Como já descrito na literatura, especificamente com relação às espécies de Astyanax, estudos sobre a biologia reprodutiva têm mostrado que há alguma variação na duração do período reprodutivo (Dala-Corte, Azevedo, 2010). No entanto, a maioria dos estudos com este gênero descreve uma reprodução sazonal que ocorre na primavera e verão no hemisfério sul (de setembro a março), com sua duração variando entre quatro e seis meses (Nomura, 1975; Agostinho et al., 1984; Barbieri et al., 1996; Braga, 2001; Abilhoa, 2007; Veloso-Júnior et al., 2009; Pereira Filho et al., 2011; Viana et al., 2014), como também observado neste estudo.

Da mesma forma, parece que não há nenhuma uniformidade no tipo de desova para as espécies de Astyanax. Para A. altiparanae constatou-se, neste estudo, o tipo de desova parcelada, como em vários outros estudos com A. bimaculatus (Agostinho et al., 1984; Barreto et al., 1998), A. scabripinnis (Barbieri, 1992; Melo et al., 2005; Veloso-Júnior et al., 2009; Pereira Filho et al., 2011) e A. fasciatus (Carvalho et al., 2009). No entanto, outros estudos descreveram desova total para as espécies A. schubarti (Nomura, 1975), A. fasciatus (Nomura, 1975; Gurgel, 2004), A. henseli (Dala-Corte, Azevedo, 2010) e A. bimaculatus (Nomura, 1975; Santos et al., 1996).

Ainda, estes peixes parecem ser capazes de passar de desova total para desova parcelada (e vice-versa) como resultado de alterações fisiológicas ou ambientais. Isto pode levar a vários tipos de desova em diferentes populações ou diferentes períodos de tempo. Garutti (1989) estudou a espécie Astyanax bimaculatus (= A. altiparanae) em diferentes ambientes de um curso de água na bacia do rio Paraná, e encontrou evidências de diferentes tipos de desova nesta única espécie, a qual apresentou desova parcelada na nascente e no curso médio do rio e desova total nas regiões do estuário.

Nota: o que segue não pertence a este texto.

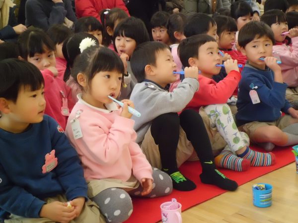 好き嫌いをせず何でも食べること。自分で磨いた後も必ずお家の人に仕上げ磨きをしてもらうこと。歯を磨いた後3回はグチュグチュうがいをすること。歯ブラシの持ち方、歯の磨き方などを教えてもらいました。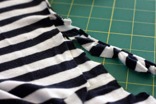 Después de cortar las costuras en la parte posterior de la camisa, corte a lo largo de las costuras abiertas en la parte delantera de la camisa justo contra la costura del fabricante para quitar las costuras y fruncido.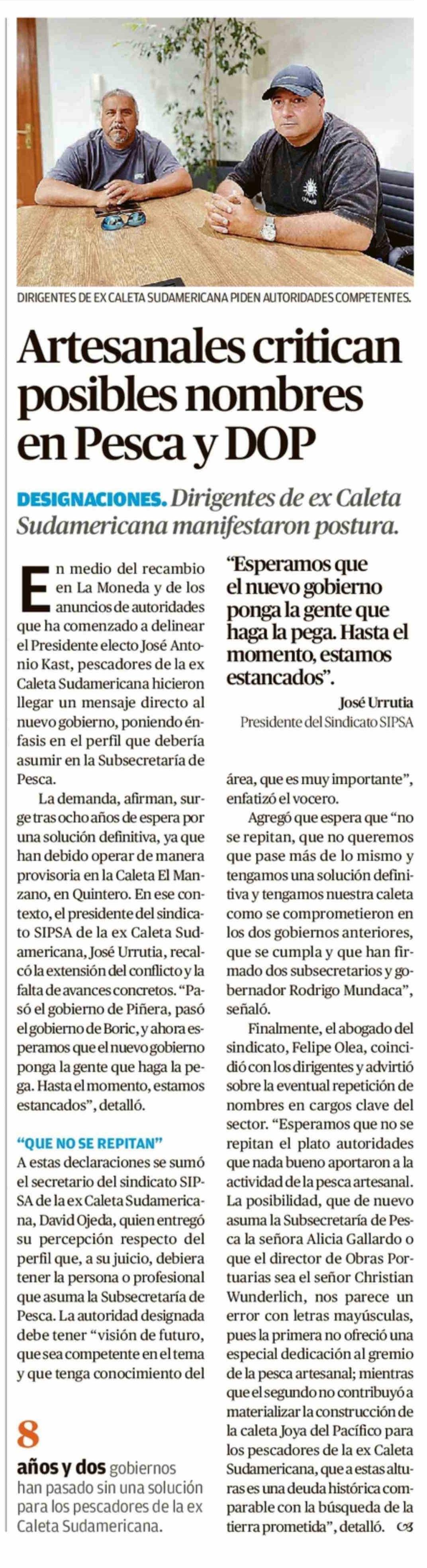 Artesanales critican posibles nombres en Pesca y DOP 07-02-2026 El Mercurio de Valparaíso |

Interessante notar que, em estudos anteriores feitos por membros do nosso grupo de pesquisa (Costa et al., 2014), observou-se que machos de Astyanax altiparanae também parecem apresentar espermiação parcelada. Os testículos Astyanax altiparanae apresentaram uma distinção de áreas durante as diferentes etapas do ciclo reprodutivo, e a manutenção destas regiões testiculares através do ciclo parece permitir que os espécimes produzam esperma e tenham reservas de gametas no interior dos testículos por quase todo o ano. Isso possibilita a esta espécie executar múltiplas liberações de esperma, provavelmente de acordo com as condições ambientais mais favoráveis (Costa et al., 2014).

As variações nos períodos de desova e espermiação de Astyanax altiparanae e sua capacidade de reproduzir em ambientes lênticos, mesmo que por processo de manejo reprodutivo, sugerem que esta espécie tem a capacidade de responder rapidamente às mudanças ambientais e alta flexibilidade reprodutiva (Dias et al., 2005). Todas estas características somadas reforçam o importante papel que esta espécie pode ter na piscicultura. Ainda, o fato de que o lambari apresenta gônadas masculinas e femininas em fase Apto a Reproduzir ao longo de todo o ano indica a possibilidade de realizar o manejo reprodutivo em outros períodos além da estação reprodutiva, aumentando a disponibilidade de larvas e juvenis na piscicultura.